As the SEM is used in the calculation of the confidence interval, $\text{CI-}95\%=[\mu -1.96·\text{SEM,}\mu +1.96·\text{SEM}]$, the magnitude of SEM relative to the magnitude of the SPR difference, $\mathrm{\Delta }\text{SPR}$, indicates if the result is statistically significant.

2.4. CT scan protocols

SECT images were generated by linearly weighted summation of the low and high energy DECT images, to simulate a 120 kVp image. This procedure was chosen not to expose the patients to an unnecessarily increased dose by acquiring both a DECT and SECT scan. Yu et al. have showed that this procedure can provide the same image quality as regular SECT images [15].

Patients in Group A were scanned with a Siemens SOMATOM Definition Flash dual source CT scanner (Siemens Healthineers, Forchheim, Germany) with a tube potential pair of 100/Sn140 kVp (Sn: 0.4 mm extra tin filtration). The two DECT scans were acquired simultaneous using two x-ray tubes with a $95°$ separation. Virtual 120 kVp SECT scans were generated during the reconstruction process at the scanner. The mixing parameter was set to $M=0.6$ (Eq. (5)) as suggested for this scan protocol by Krauss et al. [21]. The mixing parameter was verified by comparing the CT numbers for the tissue equivalent inserts of the calibration phantom from a virtual and a real 120 kVp image set, where the virtual 120 kVp were based on the linear mix of the 100/Sn140 kVp image sets.

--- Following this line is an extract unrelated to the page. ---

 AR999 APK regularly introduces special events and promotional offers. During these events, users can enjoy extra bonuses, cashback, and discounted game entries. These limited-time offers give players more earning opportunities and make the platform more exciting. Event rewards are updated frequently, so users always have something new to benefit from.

Group B was scanned with a Philips Brilliance Big Bore CT scanner (Philips Heathcare, Cleveland, OH) with a tube potential combination of 90 kVp and 140 kVp, which was the lowest and highest tube potential available on this CT scanner; no extra filtration was possible at this scanner. Generation of virtual 120 kVp images was done manually as it was not possible as part of the reconstruction at the scanner console. The optimal mixing parameter for the 90 kVp and 140 kVp images was determined by least squares fitting to the following equation [13]:

$${\mathcal{H}}_{120\text{kVp}}=M·{\mathcal{H}}_{\text{low}}+(1-M)·{\mathcal{H}}_{\text{high}}$$ (5)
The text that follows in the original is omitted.